Input data below:

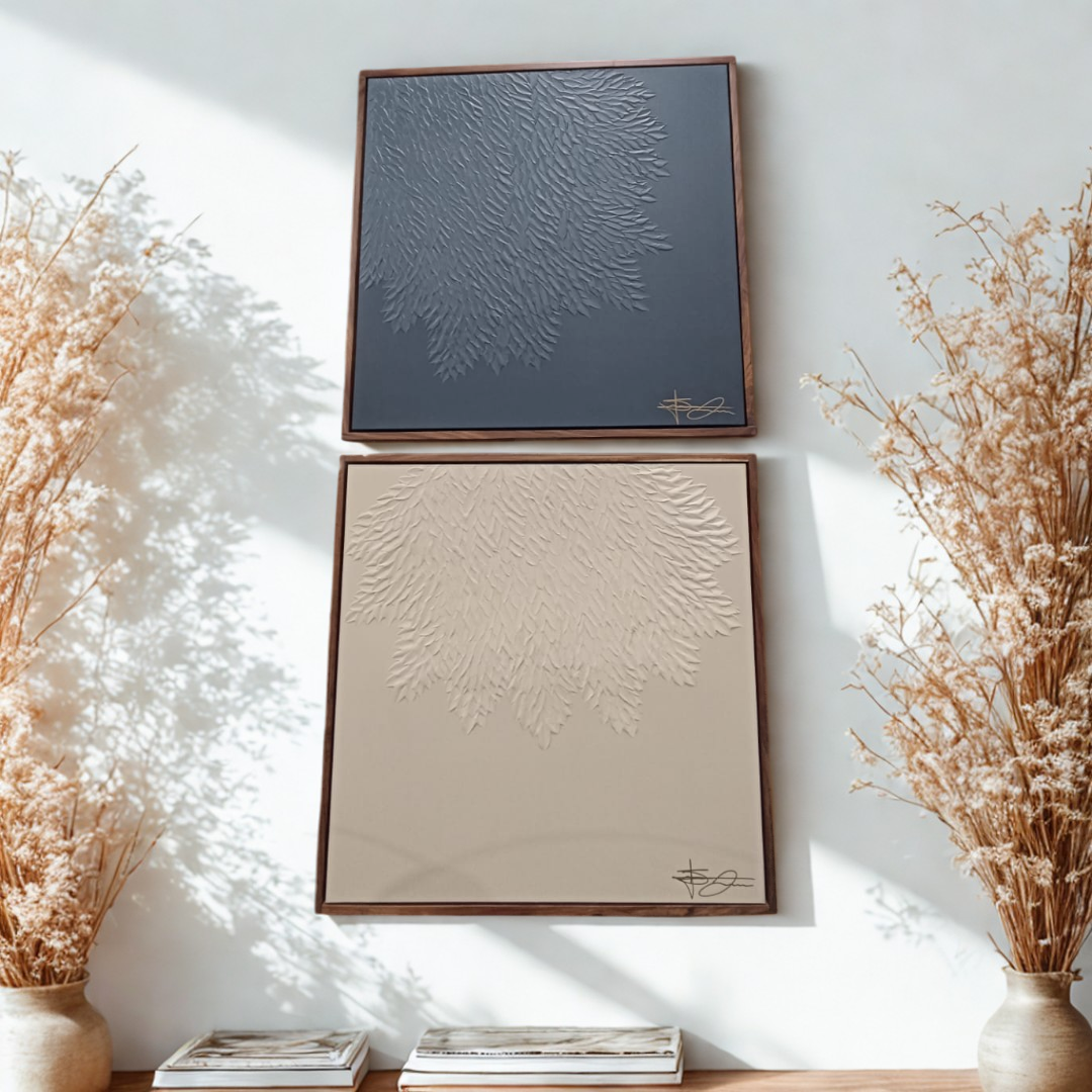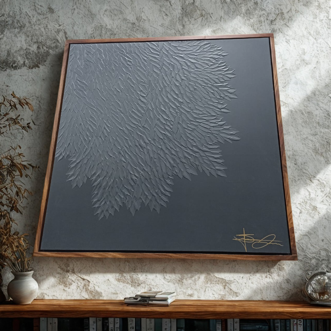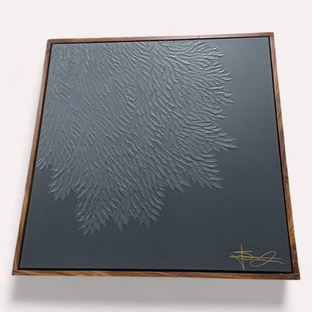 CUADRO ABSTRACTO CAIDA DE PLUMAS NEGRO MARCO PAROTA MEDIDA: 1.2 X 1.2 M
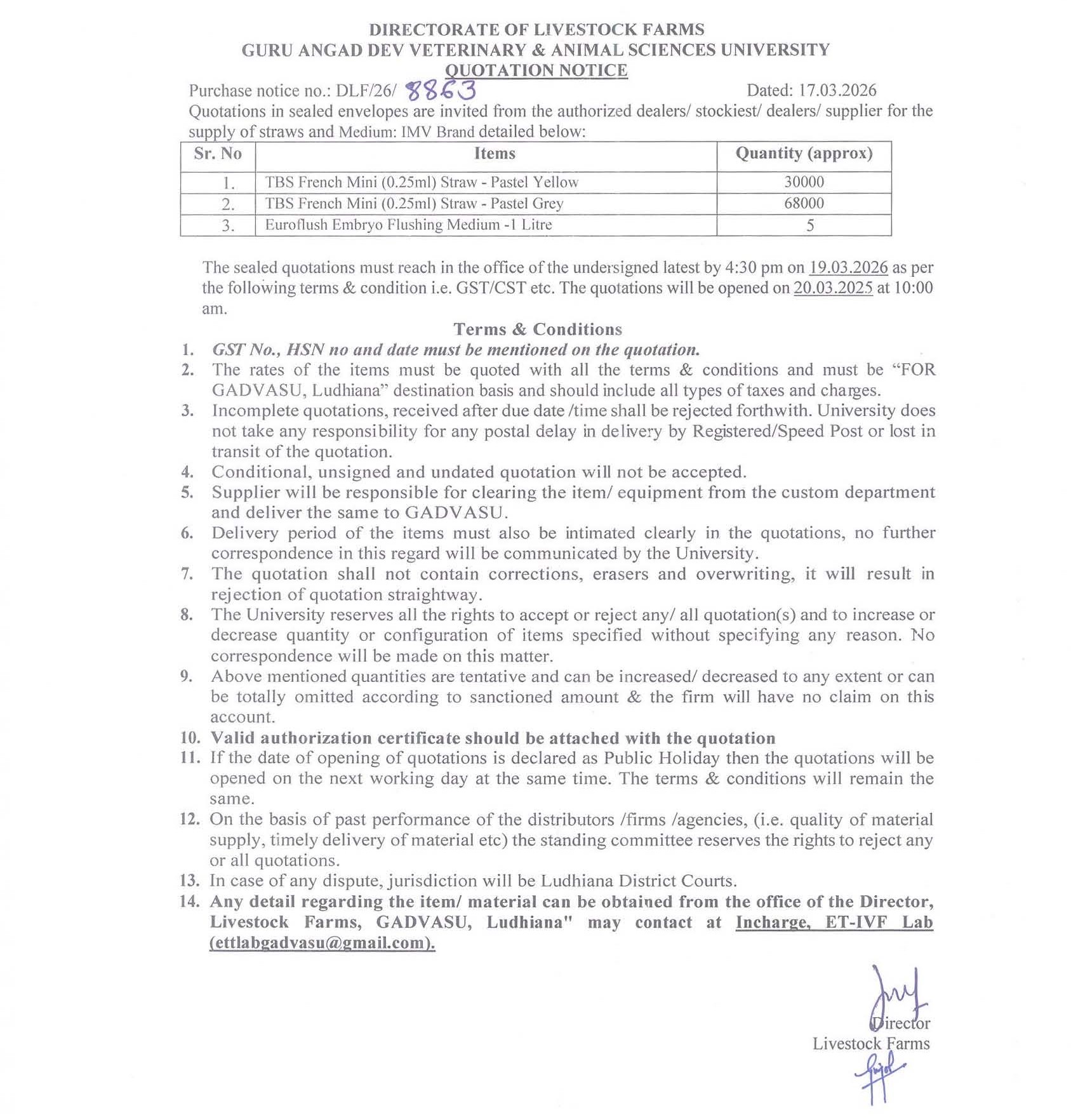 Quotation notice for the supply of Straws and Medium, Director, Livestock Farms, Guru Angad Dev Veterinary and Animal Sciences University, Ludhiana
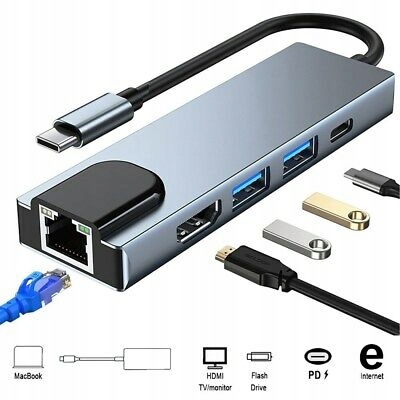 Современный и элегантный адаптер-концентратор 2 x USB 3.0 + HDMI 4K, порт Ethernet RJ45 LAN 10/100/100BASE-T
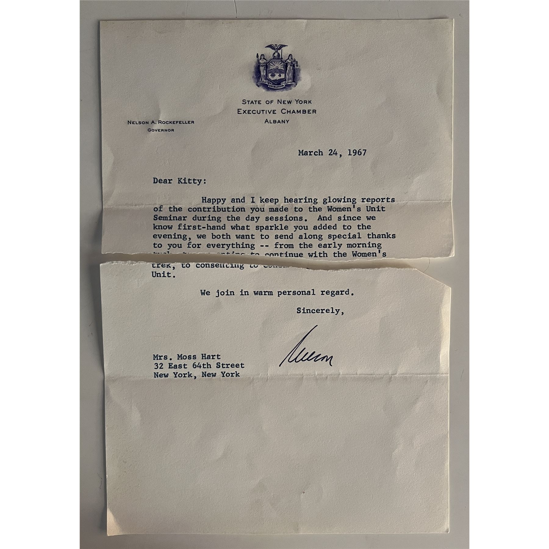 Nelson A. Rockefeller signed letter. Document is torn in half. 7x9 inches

End of Input data.

Write down the full listing above exactly as it is, except for any images.

## Expected answer
 CUADRO ABSTRACTO CAIDA DE PLUMAS NEGRO MARCO PAROTA MEDIDA: 1.2 X 1.2 M
 Quotation notice for the supply of Straws and Medium, Director, Livestock Farms, Guru Angad Dev Veterinary and Animal Sciences University, Ludhiana
 Современный и элегантный адаптер-концентратор 2 x USB 3.0 + HDMI 4K, порт Ethernet RJ45 LAN 10/100/100BASE-T
 Nelson A. Rockefeller signed letter. Document is torn in half. 7x9 inches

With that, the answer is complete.